## WORK REQUIRED
Once the pictures are set aside, transcribe each line of the listing exactly.

## STORED DATA
────────
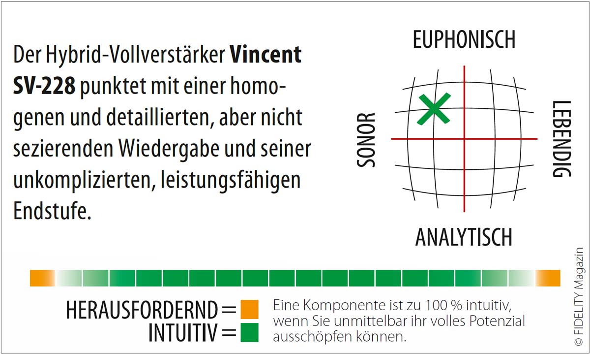 Der Hybrid-Vollverstärker Vincent SV-228 punktet mit einer homogenen und detaillierten, aber nicht sezierenden Wiedergabe und seiner unkomplizierten, leistungsfähigen Endstufe.
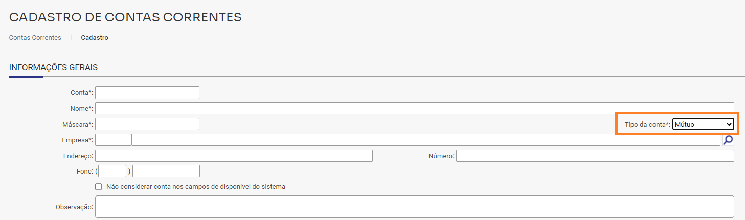 2. No campo Tipo da Conta, escolher a Opção Mútuo;
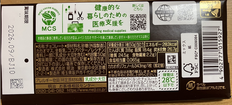 4、明治のミルクチョコレート
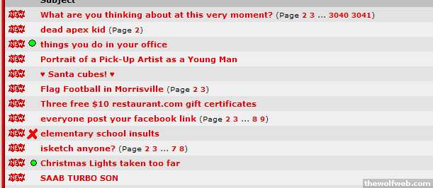 i'd like to see a personal flag option. i want to have a little indicator when a user a's thread is on a page or a little red x indicator when user b's thread is on a page. you could wedge the gif between / and the thread title. just something to pop when i look along the left hand side of a board.
────────
## SOLUTION TO THIS EXERCISE
 Der Hybrid-Vollverstärker Vincent SV-228 punktet mit einer homogenen und detaillierten, aber nicht sezierenden Wiedergabe und seiner unkomplizierten, leistungsfähigen Endstufe.
 2. No campo Tipo da Conta, escolher a Opção Mútuo;
 4、明治のミルクチョコレート
 i'd like to see a personal flag option. i want to have a little indicator when a user a's thread is on a page or a little red x indicator when user b's thread is on a page. you could wedge the gif between / and the thread title. just something to pop when i look along the left hand side of a board.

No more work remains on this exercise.